I enjoyed Fuel Pizza the one time I felt bad enough about myself to order it; it tasted how I needed it to taste, and it made me feel less pathetic.
But the food here at The Good Wurst Company feels three-dimensional and lived-in comparatively – junk food that’s like for like, yes, but the epic historical novel version instead of the slender Cliff’s Notes summary.

Just like the pork schnitzel sandwich, the menu’s magnum opus.
It’s a stacked beast of a sandwich, layered with sautéed red cabbage, mushroom gravy, smashed fries, Dijon mustard and pickles.
To hear Lincoln tell it, the pork schnitzel sandwich is his version of Before Sunrise, each ingredient a reference to a time and a place, an experience abroad, or perhaps a secret love affair that he’ll take to the grave.
Those are the stories I love, you see. More than the likes and sycophancy, or the listicles to grow my personal brand.
It took the food at The Good Wurst Company to pull me out of a dark winter, social media-addled funk to tell me something I knew all along.
But make no mistake.

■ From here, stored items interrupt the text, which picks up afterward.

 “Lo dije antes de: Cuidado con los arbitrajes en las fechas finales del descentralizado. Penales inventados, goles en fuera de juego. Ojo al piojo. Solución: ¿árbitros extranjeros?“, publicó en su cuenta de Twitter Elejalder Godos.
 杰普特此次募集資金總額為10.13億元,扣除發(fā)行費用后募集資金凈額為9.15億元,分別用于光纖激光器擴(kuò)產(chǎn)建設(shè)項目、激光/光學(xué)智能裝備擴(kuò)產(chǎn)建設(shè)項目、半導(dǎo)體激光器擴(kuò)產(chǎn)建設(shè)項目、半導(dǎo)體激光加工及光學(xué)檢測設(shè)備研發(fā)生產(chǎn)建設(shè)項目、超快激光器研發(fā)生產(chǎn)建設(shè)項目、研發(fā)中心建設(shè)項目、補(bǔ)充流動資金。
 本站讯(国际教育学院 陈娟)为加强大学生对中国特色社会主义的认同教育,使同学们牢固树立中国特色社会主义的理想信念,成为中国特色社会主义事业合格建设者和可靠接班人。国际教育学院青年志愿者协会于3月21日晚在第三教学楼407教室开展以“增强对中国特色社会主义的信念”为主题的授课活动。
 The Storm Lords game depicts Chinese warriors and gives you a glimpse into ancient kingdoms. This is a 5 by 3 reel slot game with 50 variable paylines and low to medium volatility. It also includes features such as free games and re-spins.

Even as I sit here in between bites of a pastrami, egg-and-cheese breakfast bagel sandwich (the bagels here are Montreal-style, blended with sugar, and marvelous), I still sharpen my shivs.
A CNN news alert pops up on my phone, with Twitter and Instagram notifications to boot. “With the Omicron variant still gripping the US…,” it begins, and all I really want to do is scream at someone to fuck off, wear a mask, and go choke on a knockwurst.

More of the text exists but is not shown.